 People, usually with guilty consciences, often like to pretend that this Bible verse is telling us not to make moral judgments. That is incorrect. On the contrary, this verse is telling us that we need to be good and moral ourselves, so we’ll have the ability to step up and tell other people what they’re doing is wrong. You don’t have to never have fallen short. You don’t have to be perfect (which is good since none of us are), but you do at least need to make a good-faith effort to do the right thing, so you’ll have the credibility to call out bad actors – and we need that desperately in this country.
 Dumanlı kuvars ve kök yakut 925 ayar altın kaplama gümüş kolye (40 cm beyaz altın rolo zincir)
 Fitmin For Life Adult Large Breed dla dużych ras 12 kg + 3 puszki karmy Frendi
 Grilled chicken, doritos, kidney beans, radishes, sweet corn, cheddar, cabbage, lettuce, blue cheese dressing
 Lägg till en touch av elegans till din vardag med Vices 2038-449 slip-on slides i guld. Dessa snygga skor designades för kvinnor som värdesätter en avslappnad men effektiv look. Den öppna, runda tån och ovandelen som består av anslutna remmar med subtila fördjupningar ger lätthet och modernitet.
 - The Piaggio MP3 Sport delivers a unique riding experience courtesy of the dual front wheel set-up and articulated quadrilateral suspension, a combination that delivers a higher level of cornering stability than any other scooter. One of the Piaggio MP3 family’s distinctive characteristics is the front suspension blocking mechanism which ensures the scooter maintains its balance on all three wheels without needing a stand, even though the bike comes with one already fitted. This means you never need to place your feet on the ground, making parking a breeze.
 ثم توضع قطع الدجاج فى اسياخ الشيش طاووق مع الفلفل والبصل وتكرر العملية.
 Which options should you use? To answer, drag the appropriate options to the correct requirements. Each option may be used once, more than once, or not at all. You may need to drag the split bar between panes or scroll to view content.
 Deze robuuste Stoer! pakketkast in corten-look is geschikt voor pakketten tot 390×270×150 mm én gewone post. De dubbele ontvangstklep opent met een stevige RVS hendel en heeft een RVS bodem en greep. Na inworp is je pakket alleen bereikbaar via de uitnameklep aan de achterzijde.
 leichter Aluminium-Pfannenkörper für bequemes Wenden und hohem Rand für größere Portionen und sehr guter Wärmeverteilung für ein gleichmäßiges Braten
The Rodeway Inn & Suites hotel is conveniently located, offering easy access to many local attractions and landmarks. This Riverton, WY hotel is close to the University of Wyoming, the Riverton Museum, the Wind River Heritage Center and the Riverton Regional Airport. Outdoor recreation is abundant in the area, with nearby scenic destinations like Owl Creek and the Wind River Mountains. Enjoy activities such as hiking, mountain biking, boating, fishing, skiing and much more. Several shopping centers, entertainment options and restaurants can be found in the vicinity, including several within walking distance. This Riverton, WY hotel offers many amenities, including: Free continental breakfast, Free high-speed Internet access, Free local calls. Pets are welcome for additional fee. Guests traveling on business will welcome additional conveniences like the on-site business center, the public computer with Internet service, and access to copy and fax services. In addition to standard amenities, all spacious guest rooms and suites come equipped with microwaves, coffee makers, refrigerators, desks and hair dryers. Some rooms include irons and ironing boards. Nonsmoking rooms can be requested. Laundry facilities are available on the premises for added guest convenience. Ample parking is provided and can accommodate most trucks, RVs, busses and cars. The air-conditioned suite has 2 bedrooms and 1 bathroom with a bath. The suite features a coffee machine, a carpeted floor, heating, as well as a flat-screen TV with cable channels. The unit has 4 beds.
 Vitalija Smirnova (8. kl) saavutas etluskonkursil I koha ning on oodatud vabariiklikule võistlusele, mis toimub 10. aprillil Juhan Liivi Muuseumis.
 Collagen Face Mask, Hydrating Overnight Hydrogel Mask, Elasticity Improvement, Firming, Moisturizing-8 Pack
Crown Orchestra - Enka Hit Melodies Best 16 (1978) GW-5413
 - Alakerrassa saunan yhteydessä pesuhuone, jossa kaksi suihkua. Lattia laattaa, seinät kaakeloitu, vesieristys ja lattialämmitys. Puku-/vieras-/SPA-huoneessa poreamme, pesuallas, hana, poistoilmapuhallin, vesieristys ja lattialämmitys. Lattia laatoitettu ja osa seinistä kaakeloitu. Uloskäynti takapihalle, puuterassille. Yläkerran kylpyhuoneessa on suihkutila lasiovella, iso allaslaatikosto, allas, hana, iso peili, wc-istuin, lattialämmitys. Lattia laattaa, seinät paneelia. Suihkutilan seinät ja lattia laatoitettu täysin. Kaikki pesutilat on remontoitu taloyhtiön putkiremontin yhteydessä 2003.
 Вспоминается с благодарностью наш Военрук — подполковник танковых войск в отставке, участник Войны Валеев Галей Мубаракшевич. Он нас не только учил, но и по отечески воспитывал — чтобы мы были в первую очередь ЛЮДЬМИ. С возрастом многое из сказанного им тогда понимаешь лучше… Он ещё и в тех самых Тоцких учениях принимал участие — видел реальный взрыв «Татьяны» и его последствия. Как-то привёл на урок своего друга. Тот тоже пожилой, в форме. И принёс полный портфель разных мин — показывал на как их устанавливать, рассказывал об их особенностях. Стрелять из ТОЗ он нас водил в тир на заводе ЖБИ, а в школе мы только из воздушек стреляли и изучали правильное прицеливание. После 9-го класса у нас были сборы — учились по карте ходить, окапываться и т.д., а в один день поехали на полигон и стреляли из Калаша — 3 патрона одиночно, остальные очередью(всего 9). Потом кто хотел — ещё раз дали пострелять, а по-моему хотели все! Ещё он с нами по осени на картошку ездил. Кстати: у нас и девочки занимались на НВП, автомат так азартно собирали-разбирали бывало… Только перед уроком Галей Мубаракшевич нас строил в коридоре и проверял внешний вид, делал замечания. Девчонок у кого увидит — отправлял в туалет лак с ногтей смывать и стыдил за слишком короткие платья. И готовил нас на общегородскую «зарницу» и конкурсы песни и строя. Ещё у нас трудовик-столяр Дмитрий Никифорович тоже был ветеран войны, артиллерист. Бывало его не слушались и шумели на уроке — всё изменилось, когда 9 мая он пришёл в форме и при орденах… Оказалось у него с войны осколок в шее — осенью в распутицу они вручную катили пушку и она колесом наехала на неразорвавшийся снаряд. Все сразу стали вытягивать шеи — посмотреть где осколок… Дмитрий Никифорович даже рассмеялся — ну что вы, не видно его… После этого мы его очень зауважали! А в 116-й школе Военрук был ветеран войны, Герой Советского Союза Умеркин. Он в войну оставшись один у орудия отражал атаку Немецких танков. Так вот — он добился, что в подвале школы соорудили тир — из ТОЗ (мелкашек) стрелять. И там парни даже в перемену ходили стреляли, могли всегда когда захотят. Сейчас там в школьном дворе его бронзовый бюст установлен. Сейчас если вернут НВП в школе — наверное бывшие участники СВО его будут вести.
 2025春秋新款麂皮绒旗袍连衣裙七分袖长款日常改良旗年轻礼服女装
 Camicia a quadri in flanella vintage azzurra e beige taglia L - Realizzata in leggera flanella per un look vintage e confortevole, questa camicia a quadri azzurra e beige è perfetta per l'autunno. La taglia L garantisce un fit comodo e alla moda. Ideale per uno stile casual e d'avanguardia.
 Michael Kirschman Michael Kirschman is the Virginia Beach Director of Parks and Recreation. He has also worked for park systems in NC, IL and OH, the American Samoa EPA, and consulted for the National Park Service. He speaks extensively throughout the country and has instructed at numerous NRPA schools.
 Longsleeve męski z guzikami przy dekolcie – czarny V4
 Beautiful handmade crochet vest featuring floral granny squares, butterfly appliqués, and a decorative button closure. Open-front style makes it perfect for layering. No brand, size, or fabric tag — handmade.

++++++++++++++++++++

What to do
An exact, complete copy of the lines above from the one with "Deze robuuste Stoer!" through the one with "Vitalija Smirnova (8." is the whole answer.

Answer box
 Deze robuuste Stoer! pakketkast in corten-look is geschikt voor pakketten tot 390×270×150 mm én gewone post. De dubbele ontvangstklep opent met een stevige RVS hendel en heeft een RVS bodem en greep. Na inworp is je pakket alleen bereikbaar via de uitnameklep aan de achterzijde.
 leichter Aluminium-Pfannenkörper für bequemes Wenden und hohem Rand für größere Portionen und sehr guter Wärmeverteilung für ein gleichmäßiges Braten
The Rodeway Inn & Suites hotel is conveniently located, offering easy access to many local attractions and landmarks. This Riverton, WY hotel is close to the University of Wyoming, the Riverton Museum, the Wind River Heritage Center and the Riverton Regional Airport. Outdoor recreation is abundant in the area, with nearby scenic destinations like Owl Creek and the Wind River Mountains. Enjoy activities such as hiking, mountain biking, boating, fishing, skiing and much more. Several shopping centers, entertainment options and restaurants can be found in the vicinity, including several within walking distance. This Riverton, WY hotel offers many amenities, including: Free continental breakfast, Free high-speed Internet access, Free local calls. Pets are welcome for additional fee. Guests traveling on business will welcome additional conveniences like the on-site business center, the public computer with Internet service, and access to copy and fax services. In addition to standard amenities, all spacious guest rooms and suites come equipped with microwaves, coffee makers, refrigerators, desks and hair dryers. Some rooms include irons and ironing boards. Nonsmoking rooms can be requested. Laundry facilities are available on the premises for added guest convenience. Ample parking is provided and can accommodate most trucks, RVs, busses and cars. The air-conditioned suite has 2 bedrooms and 1 bathroom with a bath. The suite features a coffee machine, a carpeted floor, heating, as well as a flat-screen TV with cable channels. The unit has 4 beds.
 Vitalija Smirnova (8. kl) saavutas etluskonkursil I koha ning on oodatud vabariiklikule võistlusele, mis toimub 10. aprillil Juhan Liivi Muuseumis.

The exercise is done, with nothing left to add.